» Problem details
Go through the entries below from the first line and transcribe each one exactly, ending with the line that contains "Anunț - Examenul".

****************

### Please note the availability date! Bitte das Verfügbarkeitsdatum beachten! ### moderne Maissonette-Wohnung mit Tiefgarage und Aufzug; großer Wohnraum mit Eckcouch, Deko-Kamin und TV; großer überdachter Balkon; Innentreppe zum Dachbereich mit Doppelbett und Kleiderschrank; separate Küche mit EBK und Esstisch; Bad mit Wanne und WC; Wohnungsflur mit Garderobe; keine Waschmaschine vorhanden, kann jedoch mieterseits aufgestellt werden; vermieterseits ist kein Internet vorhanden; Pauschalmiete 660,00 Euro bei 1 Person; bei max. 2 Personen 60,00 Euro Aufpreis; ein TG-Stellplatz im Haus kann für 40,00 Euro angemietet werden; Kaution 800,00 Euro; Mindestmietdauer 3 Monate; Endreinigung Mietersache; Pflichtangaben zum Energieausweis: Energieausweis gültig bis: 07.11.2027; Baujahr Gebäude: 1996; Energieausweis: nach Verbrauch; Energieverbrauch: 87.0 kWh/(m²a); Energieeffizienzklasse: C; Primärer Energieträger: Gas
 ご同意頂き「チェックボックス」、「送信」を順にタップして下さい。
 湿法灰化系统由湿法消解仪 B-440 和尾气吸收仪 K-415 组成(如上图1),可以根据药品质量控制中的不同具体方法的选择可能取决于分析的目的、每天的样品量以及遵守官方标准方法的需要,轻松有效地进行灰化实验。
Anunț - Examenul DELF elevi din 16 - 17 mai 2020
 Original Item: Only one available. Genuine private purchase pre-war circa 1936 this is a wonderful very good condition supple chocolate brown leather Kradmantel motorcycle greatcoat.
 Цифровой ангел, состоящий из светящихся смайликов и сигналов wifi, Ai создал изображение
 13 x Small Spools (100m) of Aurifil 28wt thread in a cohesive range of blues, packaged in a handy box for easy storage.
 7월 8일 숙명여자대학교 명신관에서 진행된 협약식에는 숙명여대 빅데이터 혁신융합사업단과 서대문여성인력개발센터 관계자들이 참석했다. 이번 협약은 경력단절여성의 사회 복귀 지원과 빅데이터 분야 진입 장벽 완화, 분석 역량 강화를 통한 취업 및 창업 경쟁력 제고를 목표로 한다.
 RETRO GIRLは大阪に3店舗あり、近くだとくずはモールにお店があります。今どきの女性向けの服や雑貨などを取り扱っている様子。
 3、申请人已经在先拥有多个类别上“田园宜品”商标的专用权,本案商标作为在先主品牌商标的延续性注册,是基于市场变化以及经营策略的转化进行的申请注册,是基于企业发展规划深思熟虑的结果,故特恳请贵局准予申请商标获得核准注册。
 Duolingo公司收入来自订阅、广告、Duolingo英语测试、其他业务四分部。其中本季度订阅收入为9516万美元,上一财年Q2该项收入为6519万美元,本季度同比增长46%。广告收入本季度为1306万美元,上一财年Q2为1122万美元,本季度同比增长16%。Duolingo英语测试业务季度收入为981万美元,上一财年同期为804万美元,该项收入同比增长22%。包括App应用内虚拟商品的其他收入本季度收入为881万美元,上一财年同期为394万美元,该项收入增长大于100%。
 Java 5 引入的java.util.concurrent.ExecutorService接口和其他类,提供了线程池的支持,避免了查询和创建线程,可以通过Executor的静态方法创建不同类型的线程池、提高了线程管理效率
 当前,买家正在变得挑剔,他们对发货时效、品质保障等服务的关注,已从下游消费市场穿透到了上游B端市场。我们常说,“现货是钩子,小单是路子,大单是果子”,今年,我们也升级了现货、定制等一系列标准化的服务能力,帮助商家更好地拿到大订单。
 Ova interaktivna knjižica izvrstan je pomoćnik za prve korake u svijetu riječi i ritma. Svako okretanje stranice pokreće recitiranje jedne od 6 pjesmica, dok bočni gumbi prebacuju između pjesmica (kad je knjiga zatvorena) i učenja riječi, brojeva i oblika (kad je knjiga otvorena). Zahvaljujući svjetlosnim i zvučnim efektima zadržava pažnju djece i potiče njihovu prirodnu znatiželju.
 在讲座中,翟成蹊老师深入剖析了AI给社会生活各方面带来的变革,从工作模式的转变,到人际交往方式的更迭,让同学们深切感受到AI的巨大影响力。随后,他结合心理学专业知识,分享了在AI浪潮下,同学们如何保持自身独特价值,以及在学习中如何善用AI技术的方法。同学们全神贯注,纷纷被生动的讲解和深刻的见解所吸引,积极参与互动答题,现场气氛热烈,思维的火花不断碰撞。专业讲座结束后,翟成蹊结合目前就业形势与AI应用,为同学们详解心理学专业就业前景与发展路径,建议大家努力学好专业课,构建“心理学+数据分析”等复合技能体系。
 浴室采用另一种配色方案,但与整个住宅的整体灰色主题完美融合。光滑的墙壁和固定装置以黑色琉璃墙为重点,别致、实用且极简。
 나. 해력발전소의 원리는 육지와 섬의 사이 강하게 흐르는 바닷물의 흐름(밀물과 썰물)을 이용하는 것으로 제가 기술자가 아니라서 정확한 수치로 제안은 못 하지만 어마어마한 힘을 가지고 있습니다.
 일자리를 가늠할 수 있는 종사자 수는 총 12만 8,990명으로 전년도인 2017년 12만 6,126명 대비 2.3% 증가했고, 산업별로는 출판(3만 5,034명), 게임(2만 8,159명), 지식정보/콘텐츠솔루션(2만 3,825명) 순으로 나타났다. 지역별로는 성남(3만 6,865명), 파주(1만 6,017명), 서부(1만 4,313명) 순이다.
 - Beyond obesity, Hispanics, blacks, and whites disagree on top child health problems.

****************

» Exercise solution
### Please note the availability date! Bitte das Verfügbarkeitsdatum beachten! ### moderne Maissonette-Wohnung mit Tiefgarage und Aufzug; großer Wohnraum mit Eckcouch, Deko-Kamin und TV; großer überdachter Balkon; Innentreppe zum Dachbereich mit Doppelbett und Kleiderschrank; separate Küche mit EBK und Esstisch; Bad mit Wanne und WC; Wohnungsflur mit Garderobe; keine Waschmaschine vorhanden, kann jedoch mieterseits aufgestellt werden; vermieterseits ist kein Internet vorhanden; Pauschalmiete 660,00 Euro bei 1 Person; bei max. 2 Personen 60,00 Euro Aufpreis; ein TG-Stellplatz im Haus kann für 40,00 Euro angemietet werden; Kaution 800,00 Euro; Mindestmietdauer 3 Monate; Endreinigung Mietersache; Pflichtangaben zum Energieausweis: Energieausweis gültig bis: 07.11.2027; Baujahr Gebäude: 1996; Energieausweis: nach Verbrauch; Energieverbrauch: 87.0 kWh/(m²a); Energieeffizienzklasse: C; Primärer Energieträger: Gas
 ご同意頂き「チェックボックス」、「送信」を順にタップして下さい。
 湿法灰化系统由湿法消解仪 B-440 和尾气吸收仪 K-415 组成(如上图1),可以根据药品质量控制中的不同具体方法的选择可能取决于分析的目的、每天的样品量以及遵守官方标准方法的需要,轻松有效地进行灰化实验。
Anunț - Examenul DELF elevi din 16 - 17 mai 2020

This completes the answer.